Data records
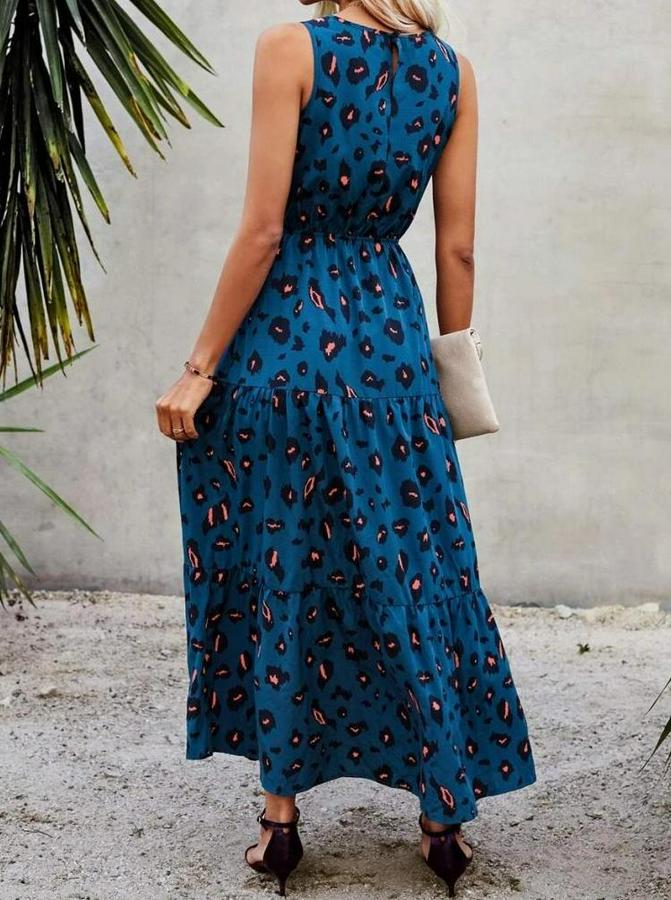 Kadın Kolsuz Bisiklet Yaka Beli Lastikli Desenli Süprem Elbise
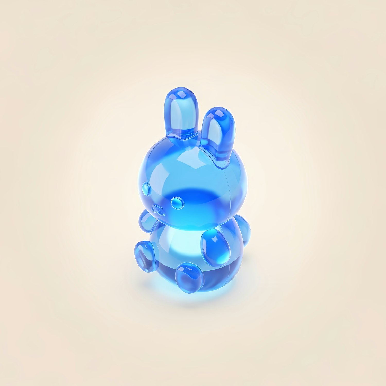 A glossy, translucent blue bunny figurine with a smooth design, set against a light beige background, showcasing its reflective texture.
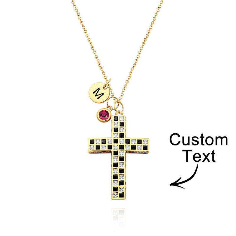 Custom Birthstone Letter Necklace Checkered Flag Cross Unique Gifts
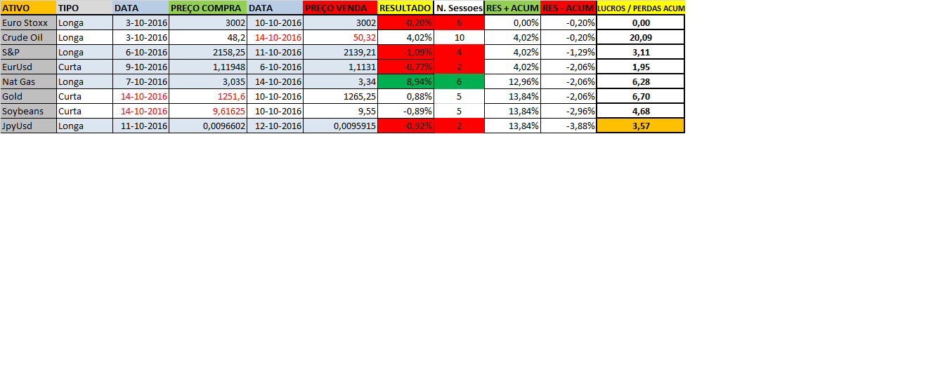 Nas 2 colunas finais do quadro anexo estará indicada a performance obtida acumulada, em resultados nao alavancados das trades positivas e negativas respetivamente. Há que chamar a atençao que o somatório incide sobre um potencial total de 13 (raios, que número, só agora reparei!) ativos diferentes, a saber:
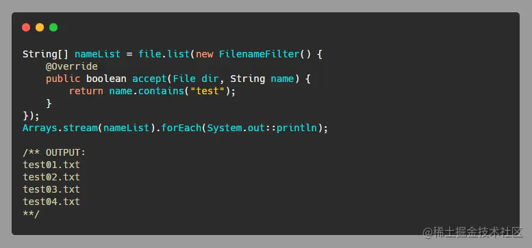 同样是一个接口,同样需要重写 accept() 方法,但是这个方法只有一个 File 的参数。因此这两个参数都是用于文件过滤的,功能大同小异~
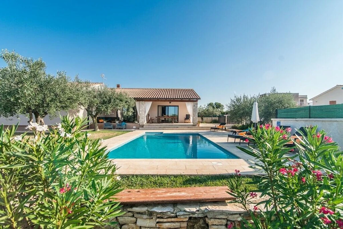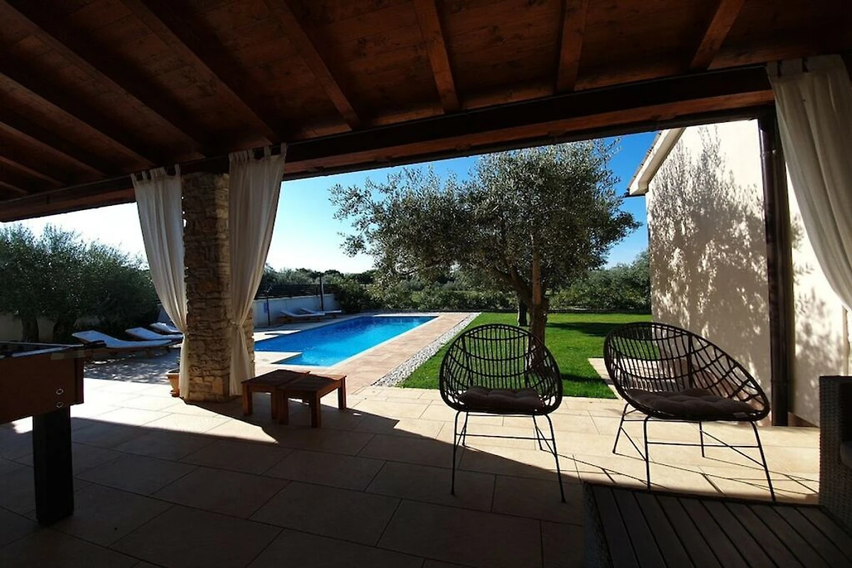 Ideale per famiglie con bambini o un gruppo di amici che cercano una fantastica casa vacanze in Istria. Villa spaziosa e moderna con piscina privata e ampio giardino, tre camere da letto con bagno privato, soggiorno, cucina, un ulteriore bagno, una grande terrazza ombreggiata con vista sulla piscina e parcheggio per due auto in una posizione tranquilla vicino a Pola e Fasana. L'interno della villa con una superficie di 145 m2 comprende 3 camere da letto, un ampio soggiorno a pianta aperta con cucina completamente attrezzata e una zona pranzo.
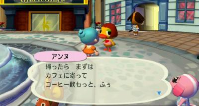 懐かしの友達 今日は街へ行ったら、丁度アンヌに遭遇しちゃいました。 DSの村では永住だったアンヌちゃん。お会いできて嬉しいです(笑 でも、お話は相変わらず気位高いセレブリティなアンヌちゃんでした♪ そして、街をぶらついて昨日行ったグレースのお店では、商品は変わっていませんでした。日替わりではないんですね。良かった! というのも、欲しい帽子があったのです。 でも、高額で・・・。だから、諦めていたのですが、明日のフリマで少し稼いだら、絶対に買いに来ようと思うマリオッティでした。 ♥ More from my site2011-08-24 街でも雷雨2011-02-11 知らなかったこと2011-04-28 緊急脱出!2011-01-31 街で再開 By マティ | 2008-11-22 | 街での出来事 | ← 劇場では 発見いろいろ → 6 thoughts on “懐かしの友達” AKRMA→うさぎさん 2008-11-23 at 11:18 似ていますが、私はうさぎさんほどはマメにできないし負けていますよ~(笑 でも、メインブログの投稿が街もりだらけになるのは、目に見えていたので今回は作りました~w 何時までマメに更新できるか分かりませんが、とにかく楽しいので、一日一投稿を目指して頑張ります(笑 先ほどブログにお邪魔してきました! 一日目の生活がすごく詳細に書かれていて、楽しませてもらいましたw 見た人は、きっと欲しくなるでしょうね。悪い人(笑 ではでは、ぜひ通信を~w AKRMA→さとさん 2008-11-23 at 11:16 そう!そうなんですよね! 覚書で昨日アップしようと思っていたのですが、リビングで 爆睡しちゃってできませんでした(笑 後で、新しい発見の記事をアップしますw ありがとうございます! さと 2008-11-22 at 23:23 そうそう 多分気が付いていると思いますが、村に生えてるきのこ、抜いてみてくださいねw ムフフww *うさぎ* 2008-11-22 at 23:15 こんばんは。 あちこちのAKRMAさんのブログに足跡&コメ残しまくりの”うさぎ”です。 なんだか似てますね。 そーなんですよ。カテゴリー分けで更新すればいいのに ついつい別々のブログにしちゃうんですよね。 まちもりデビューの際は写真の機能に便利さを感じながら いっぱい撮ったのに(説明書を読まないうさぎとしては)SDに保存をしないでバシバシやってPCに取り込んだら1つもなかった(やっちまったなーでした) 是非、お時間ある時に通信してくださいね。 まずは果物交換ですね。DS当初が懐かしいけど ベルが0、道具がないはつらいです。 AKRMA→さとさん 2008-11-22 at 19:19 え?それでは、ソフトでデータが違うわけではないのかしら? 街に関しては、全データが同じように動くのかしらね? う~んいろいろ少しずつ分かってきますね♪ 帽子・・・いいなぁ♪がんばる! さと 2008-11-22 at 18:46 ぼうし、可愛いですよね~。 ついついGETしちゃいましたよw でも、服が貧弱なため似合いません・・・・クスン

* REQUIRED ACTION
Please transcribe every record above exactly as written, leaving out the pictures.

* RESPONSE TO THIS TASK
 Kadın Kolsuz Bisiklet Yaka Beli Lastikli Desenli Süprem Elbise
 A glossy, translucent blue bunny figurine with a smooth design, set against a light beige background, showcasing its reflective texture.
 Custom Birthstone Letter Necklace Checkered Flag Cross Unique Gifts
 Nas 2 colunas finais do quadro anexo estará indicada a performance obtida acumulada, em resultados nao alavancados das trades positivas e negativas respetivamente. Há que chamar a atençao que o somatório incide sobre um potencial total de 13 (raios, que número, só agora reparei!) ativos diferentes, a saber:
 同样是一个接口,同样需要重写 accept() 方法,但是这个方法只有一个 File 的参数。因此这两个参数都是用于文件过滤的,功能大同小异~
 Ideale per famiglie con bambini o un gruppo di amici che cercano una fantastica casa vacanze in Istria. Villa spaziosa e moderna con piscina privata e ampio giardino, tre camere da letto con bagno privato, soggiorno, cucina, un ulteriore bagno, una grande terrazza ombreggiata con vista sulla piscina e parcheggio per due auto in una posizione tranquilla vicino a Pola e Fasana. L'interno della villa con una superficie di 145 m2 comprende 3 camere da letto, un ampio soggiorno a pianta aperta con cucina completamente attrezzata e una zona pranzo.
 懐かしの友達 今日は街へ行ったら、丁度アンヌに遭遇しちゃいました。 DSの村では永住だったアンヌちゃん。お会いできて嬉しいです(笑 でも、お話は相変わらず気位高いセレブリティなアンヌちゃんでした♪ そして、街をぶらついて昨日行ったグレースのお店では、商品は変わっていませんでした。日替わりではないんですね。良かった! というのも、欲しい帽子があったのです。 でも、高額で・・・。だから、諦めていたのですが、明日のフリマで少し稼いだら、絶対に買いに来ようと思うマリオッティでした。 ♥ More from my site2011-08-24 街でも雷雨2011-02-11 知らなかったこと2011-04-28 緊急脱出!2011-01-31 街で再開 By マティ | 2008-11-22 | 街での出来事 | ← 劇場では 発見いろいろ → 6 thoughts on “懐かしの友達” AKRMA→うさぎさん 2008-11-23 at 11:18 似ていますが、私はうさぎさんほどはマメにできないし負けていますよ~(笑 でも、メインブログの投稿が街もりだらけになるのは、目に見えていたので今回は作りました~w 何時までマメに更新できるか分かりませんが、とにかく楽しいので、一日一投稿を目指して頑張ります(笑 先ほどブログにお邪魔してきました! 一日目の生活がすごく詳細に書かれていて、楽しませてもらいましたw 見た人は、きっと欲しくなるでしょうね。悪い人(笑 ではでは、ぜひ通信を~w AKRMA→さとさん 2008-11-23 at 11:16 そう!そうなんですよね! 覚書で昨日アップしようと思っていたのですが、リビングで 爆睡しちゃってできませんでした(笑 後で、新しい発見の記事をアップしますw ありがとうございます! さと 2008-11-22 at 23:23 そうそう 多分気が付いていると思いますが、村に生えてるきのこ、抜いてみてくださいねw ムフフww *うさぎ* 2008-11-22 at 23:15 こんばんは。 あちこちのAKRMAさんのブログに足跡&コメ残しまくりの”うさぎ”です。 なんだか似てますね。 そーなんですよ。カテゴリー分けで更新すればいいのに ついつい別々のブログにしちゃうんですよね。 まちもりデビューの際は写真の機能に便利さを感じながら いっぱい撮ったのに(説明書を読まないうさぎとしては)SDに保存をしないでバシバシやってPCに取り込んだら1つもなかった(やっちまったなーでした) 是非、お時間ある時に通信してくださいね。 まずは果物交換ですね。DS当初が懐かしいけど ベルが0、道具がないはつらいです。 AKRMA→さとさん 2008-11-22 at 19:19 え?それでは、ソフトでデータが違うわけではないのかしら? 街に関しては、全データが同じように動くのかしらね? う~んいろいろ少しずつ分かってきますね♪ 帽子・・・いいなぁ♪がんばる! さと 2008-11-22 at 18:46 ぼうし、可愛いですよね~。 ついついGETしちゃいましたよw でも、服が貧弱なため似合いません・・・・クスン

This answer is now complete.